Bellflower and Dragonfly, from an untitled series known as Large Flowers, c. 1833–34 Woodblock print (nishiki-e); ink and color on paper
Horizontal ōban; 10½ × 15½ in. (26.6 × 39.4 cm)
Because they bloom at the end of the summer, bellflowers were traditionally regarded as one of the Seven Plants of Autumn, celebrated in Japanese poetry. Their usual color is a dark blue-purple, but as Hokusai shows, other varieties also exist. The addition of the dragonfly suggests that Hokusai may have been influenced by an image of a dragonfly and bellflowers in a poetry album by Utamaro, Selected Insects (Mushi erabi), published in 1788 when Hokusai was still an aspiring young artist of the Katsukawa school.
Publisher: Nishimuraya
Yohachi (Eijudō)
Peonies and Canary (Shakuyaku, kanaari), from an untitled series known as Small Flowers, c. 1834 Woodblock print (nishiki-e); ink and color on paper
Vertical chūban; 10¼ × 7½ in. (26 × 19.2 cm)

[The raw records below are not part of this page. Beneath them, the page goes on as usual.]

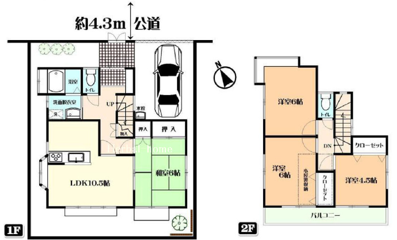 北東 4.3m(幅員) 公道
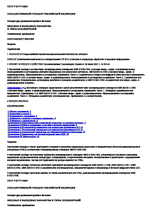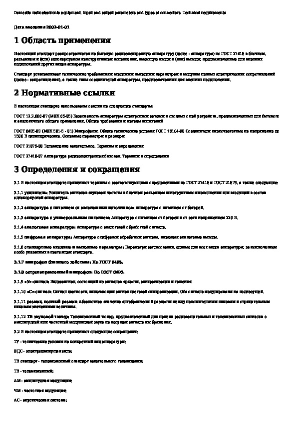 Наша цель состоит в том, чтобы предоставить вам быстрый доступ к содержанию документа Аппаратура радиоэлектронная бытовая. Входные и выходные параметры и типы соединителей. Технические требования.
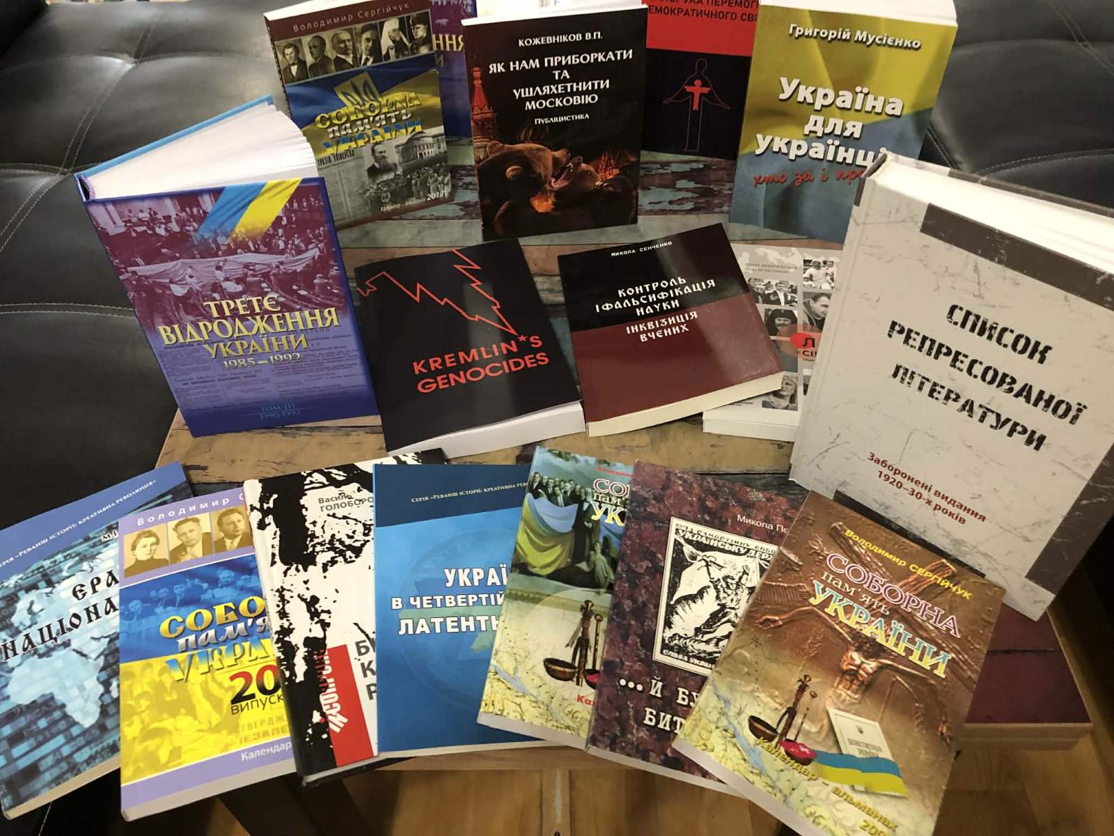 Серед одержаних книжок – «Третє відродження України. 1985-1992. Документи і матеріали в 3-х томах», «Війна за Україну : правда про Голодомор-геноцид українців: журналістське розслідування», «Правда про геноцид українців: запорука перемоги демократичного світу», «Ера націоналізму. Дійові особи: Націоналісти. Бюрократи. Олігархи» та «Україна в четвертій світовій латентній війні» М. І. Сенченка; календарі-альманахи «Соборна пам'ять України» В. Сергійчука, «Люди «сірої зони»: свідки російської анексії Криму 2014 року», «Список репресованої літератури: Заборонені видання 1920-30-х років» та інші.
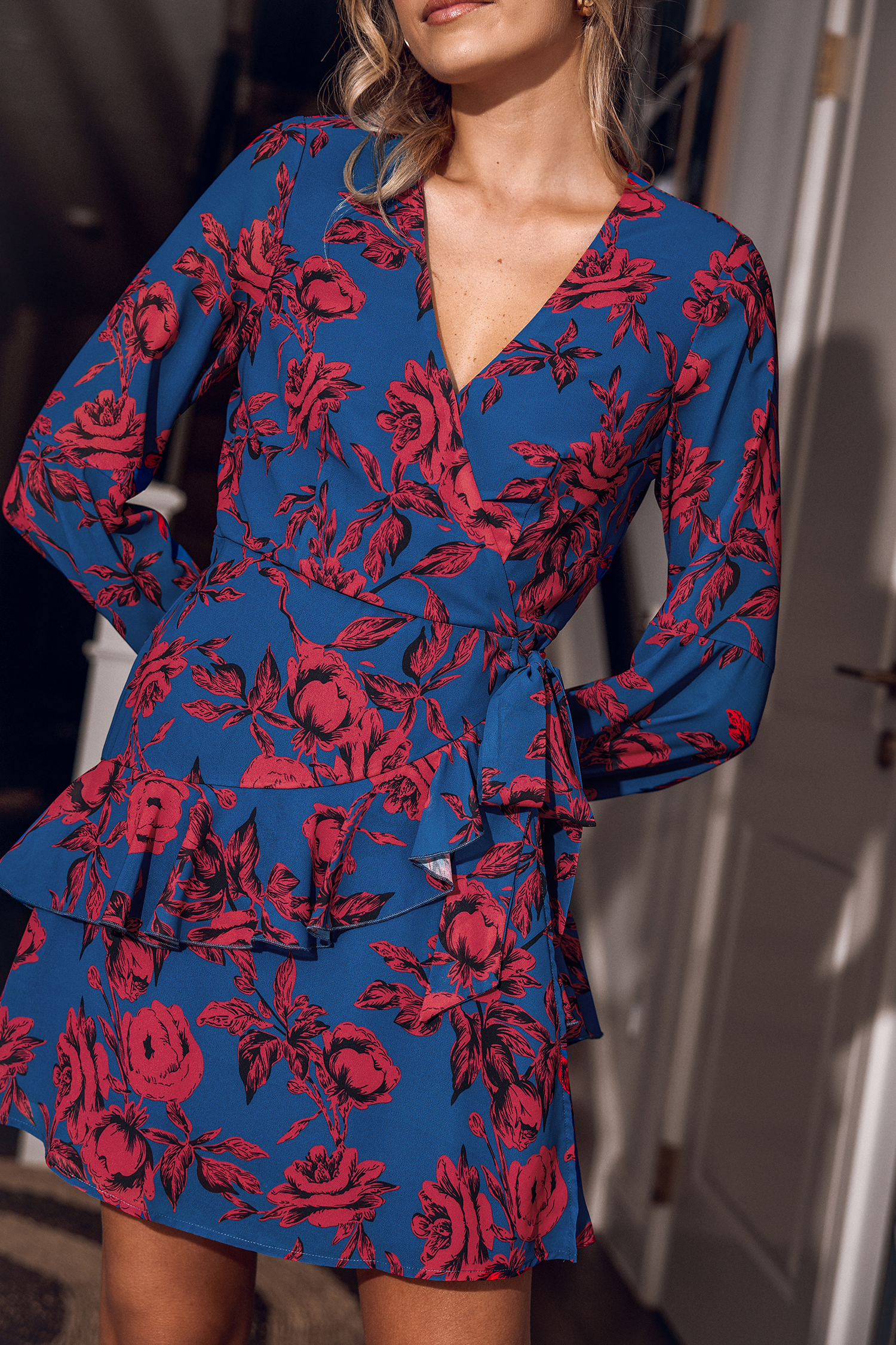 Blue & Red Floral Blouson Sleeve Mini Wrap Dress
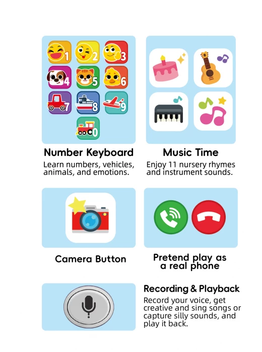 - تقویت مهارتها: بازی با این تلفن اسباببازی به تقویت مهارتهای حرکتی ظریف (با فشار دادن دکمهها)، هماهنگی چشم و دست، حافظه شنیداری و توسعه گفتار کودک کمک میکند.
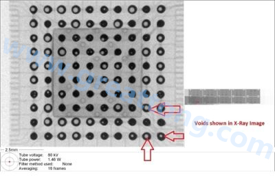 圖3:因孔徑過大,焊料沿孔壁爬溢流出,導(dǎo)致在SOP封裝上產(chǎn)生吸抽作用,并使得周邊設(shè)備焊墊短路。

According to a Chinese saying, tree peonies were at their finest in the city of Loyang and herbaceous peonies (the type shown here) in Yangzhou. The brilliant yellow canary is an exotic songbird that originated in the islands of the Atlantic and was imported into Japan by Dutch traders. The Chinese couplet inscribed on the print is by the Northern Song dynasty poet Wang Shiming (1112–1171): “The Yangzhou peony with its thousand leaves,/ supreme among the fragrances of spring.”
Katsushika Hokusai (1760–1849)
Publisher: Nishimuraya Yohachi (Eijudō)
Bullfinch and Weeping Cherry (Uso, shidarezakura), from an untitled series known as Small Flowers, c. 1834
Woodblock print (nishiki-e); ink and color on paper
Vertical chūban; 10 × 7⅜ in. (25.5 × 18.7 cm)
A sparrow-sized bird with a distinctive red throat and a whistling call, the bullfinch perches on a dangling branch with both buds and blossoms. The haikai poem is by Senraian Setsuman, the poetry name of the shamisen master Sugano Joyū II (1784–1841): “Just a single bird/ emerging in morning damp/ from cherry blossoms.” In addition to his music and poetry, he was also a painter and a tea master, and he may have been a personal acquaintance of Hokusai.